Doing something like TYP is a side venture from my main career; I invent something and I go with it, writing music for film, producing other people’s music, photography. I have different ideas all the time about stuff I want to do. This is what I’m happy about when people ask what I’ve accomplished. The luck and privilege to be able to think about something and create it and make it happen. I think of an artistic idea I have and I just do it. It’s a blessing.

What was your vision for the group?

When I start things, I believe in them and I want to see them succeed, and when I do I’m very happy. The idea behind TYP was to start a band where the people in the band are not necessarily musicians; it’s a concept in music today where the music is not always made by musicians. People can feel it and experience it through other mediums. If music has an artistic output, it doesn’t end with sound: video, design and picture can expand the message in many artistic ways that aren’t necessarily musical.



What does it mean to be in a band but not a musician?

There’s a designer, a web person; we started with six people, operating from the start as a band, and we called ourselves a band. When we created the TYP world, they were totally a part of it. They weren’t working for me, they were working with me. I can hire the best people to work for me. Here I’m talking about something different, at least in the conceptual sense.

Are you planning anything different for your NYC show?

It’s going to be a special show that we’ve never done anywhere. Basically, an acoustic evening that will be much more intimate than the big shows in Israel with the videos and the big band. Just me and my keyboard player, two pianos. It’s a special thing for this trip. Artistically I like to do it once in a while, playing the songs more how they were written — more intimate, the crowds are smaller, it’s a smaller venue. Gonna throw in two or three English songs.

Ivri Lider/Ronen Akerman

Ivri Lider/Ronen Akerman

What got you into music?

I started playing classical piano at 5 and I didn’t stop. I started getting into a lot of electronic music when I was 11 or 12. I bought synthesizers and played instrumental, electronic music, got into playing jazz piano. I was never singing; I was always writing and producing. I started writing songs when I was 7 (they were very serious for a 7-year-old). Looking back, of course, it was an escape from a lot of things: family, shyness, my mom’s past, my feelings of being different. All those things were relevant to me, and they very much went into music and songwriting.

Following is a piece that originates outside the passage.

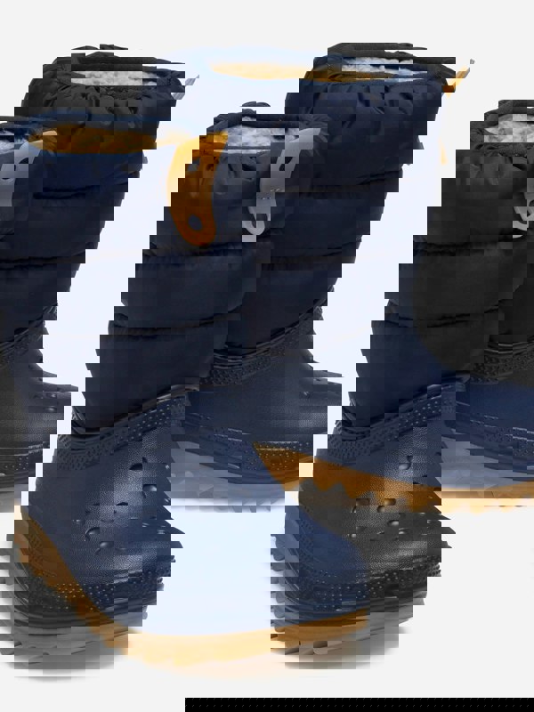 Introducing the Kids Classic Neo Puff Boots in Navy by Crocs – the epitome of style and practicality for every child's nonseasonal wear. These boots blend high-end design with everyday comfort for endless adventures. Features include:

Your mother is a Holocaust survivor?

She is. She used to work at Batsheva Dance Company as a costume designer and manager. We are very close. She’s 79. She comes to a lot of my shows and my fans know her.

Did you ever have any other dreams?

Up until I was 14 I wanted to be a basketball player. But at some point music became more interesting to me.

What would you say some of the messages are in your songs?

Some of my songs are very private about my experiences in my life, about what I’m going through, about our culture, our way of life and the Western world. I’m very interested in Western world culture, like technology and computers, on the psychological side not the technical side. … I take a lot of inspiration from people I see and meet and talk to and, of course, [from] what I’m going through. There’s a psychological aspect to it. For me lyrics are very important; they’re not an excuse to sing a melody — it better be worthwhile. Even in my more pop songs, the lyrics are very serious, even when they’re funny, they’re serious.



Are you at all religious?

I’m from a kibbutz but don’t lead a religious life. It’s not a religious country, but the religion is very evident. I don’t think it’s part of the culture.

Did you serve in the army?

I served for one month and they made me leave (laughs). I went back six or seven years ago to work with soldiers and bands. I had an old band in the army and used to perform for soldiers all over the country. There’s an official military band and we do workshops for them and guide them.

Ivri Lider performing in Tel Aviv/Lior Keter 

Any upcoming new projects?

I just released an album with Ofer Mahiri (it’s not named yet). People into Israeli music know him as the guy in charge of the project called Metropolin. We wrote it [the album] together in Hebrew. It’s a first. I’ve been touring a lot the last two years around Israel; [the tour is called] “This Love of Ours.” We play songs from all the albums all the big hits, and the solo stuff.

Anything else?

I’m doing new things with the big Israeli DJ Tomer Meisner. I’m creating a cool clubby thing where we turn my biggest songs into club versions, which is really fun. They’re going to start playing it in clubs.

What do you do when you’re not making or performing music?

It’s very relaxing for me to go swimming. I do triathlons.

So even your downtime is intense.

(Laughs) I’m not trying to be the Israel champion. I like sports, I always did. I used to be a racing cyclist, and I’m very into photography. All the inside art in the last album is mine. 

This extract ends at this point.